While smoking was still permitted in dining rooms and
kitchens, I remembered being trained-in on selecting linen. Back then you could
not just grab a serviette (napkin) or a mantle (tablecloth) but instead, you
had to carefully select linen with the least amount of cigarette burns. Linen
selection was also based on cigarette burns in the least obvious places which
included the small; round cigarette burn patches the linen companies would iron
on to try to remain profitable.
Background Checks
Background checks, a legal option since the 1970’s, were
still uncommon when I first started cooking. This meant working with some very
paranoid people who could not stand to work with their backs to others. A Chef
would escort one of these scoundrel Cooks to a work station and explain the
work assignment. When the Chef had left, the degenerate would always reach into
a pocket, toolbox or knife roll for a mirror. These mirrors came in many forms,
mostly small mirrors, locker mirrors, cosmetic mirrors and centerpiece
mirrors. The mirror was set up and positioned so that no one could sneak up,
and in the mind of the paranoid, carryout revenge, make an arrest or serve a
legal order. Before background checks became common, these “Mirror People” were
regulars in the commercial kitchen.
Drug Testing
Drug Testing was unheard of when I first started cooking. It
was about the mid 1980’s that drug testing came on the scene, and only to be
held up many more years by early Supreme Court challenges.
The first year I started cooking, different coworkers
personally offered me free cocaine 4 times. Actually, there was a general call to
partake of cocaine each night I worked when the expediter would announce “Its
snowing out”. I politely declined these
offers and to this day I have no idea what the qualities or effects of cocaine
are.
I worked in more than one kitchen where Chef’s or Cooks
would regularly throw handfuls of dry herbs on the griddle or flattop range and
then yell out to passersby “What does that smell like? -Smells like pot,
right?” These guys would then smoke genuine marijuana, stealthily, and continue
to griddle dry herbs for passersby as a cover.

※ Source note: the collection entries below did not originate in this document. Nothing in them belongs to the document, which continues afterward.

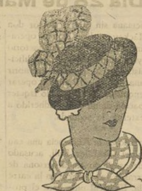
Modelo de sombrero para llevar con un vestido oscuro para la hora del thé. Gran lazo en "taffetas" a cuadros
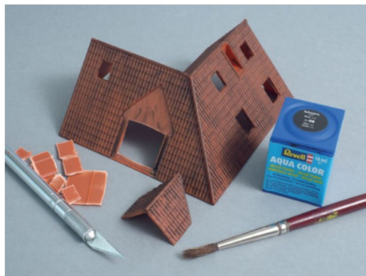
An den Dachteilen mussten die Öffnungen für die Klappfenster ausgeschnitten und eine erste Lasur in schwarzer Farbe aufgebracht werden.
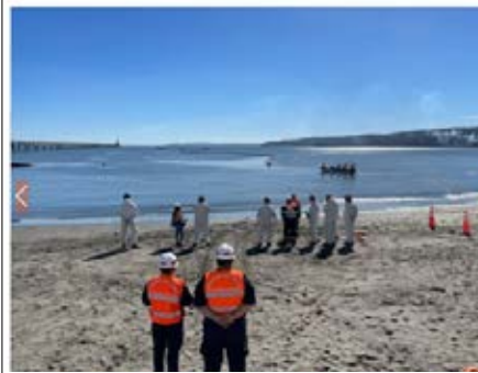
Mayo 17 de mayo de 2022 Capitanía de Puerto del Quilón Capitanía de Puerto de Lirquén participa en ejercicio de contaminación
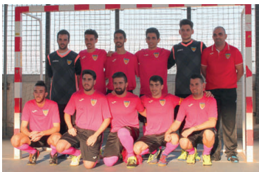
L'equip senyor B de futbol sala va debutar el 25 d'octubre a Tercera Catalana amb una derrota

Més esports. El futbol sala, però, no és l'única aposta esportiva que realitza aquest club que es va fundar el 1993. En la presentació també van tenir la seva quota de protagonisme les seves altres seccions com el patinatge en línia, roller, que en les
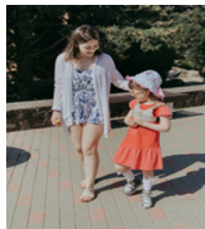
Рис. 3. Геленджик: летняя волонтерская школа (2019)

В летней школе был получен колоссальный опыт для дальнейшего обретения себя в профессии (рис. 4).
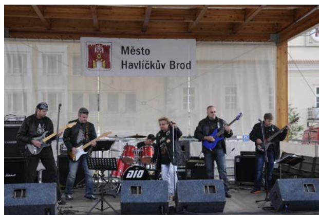
Koncert skupiny DIO FIVE GUITARS – 30.06.20
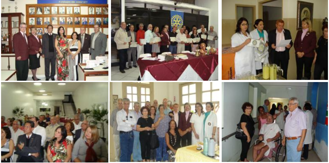
Rotary Club de Campos Goitacazes - Visita Oficial do Casal Governador Placa past-president - Assembléia - Serviços à Comunidade
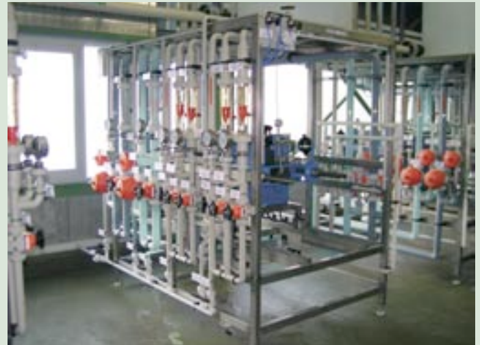
Ausgeklügelte Technik: Elektrodialyse mit monoselektiven Membranen

Violent, aggressive acts among kitchen workers were common
when I first started cooking. I remember the police coming into kitchens quite
often because a cook was chasing another cook with a knife. I remember when a
Cook threw boiling oil on another cook, almost killing him. Actually, I never
found out if the burn victim survived. The person responsible for throwing the
oil fled the state and was later apprehended by the FBI. I would assert that
the violence or aggression among kitchen workers years ago was mostly a result
of illegal drug use and not so much from a lack of background checks. I have had two bosses (Chefs) and two
coworkers (Cooks) arrested for large scale drug trafficking.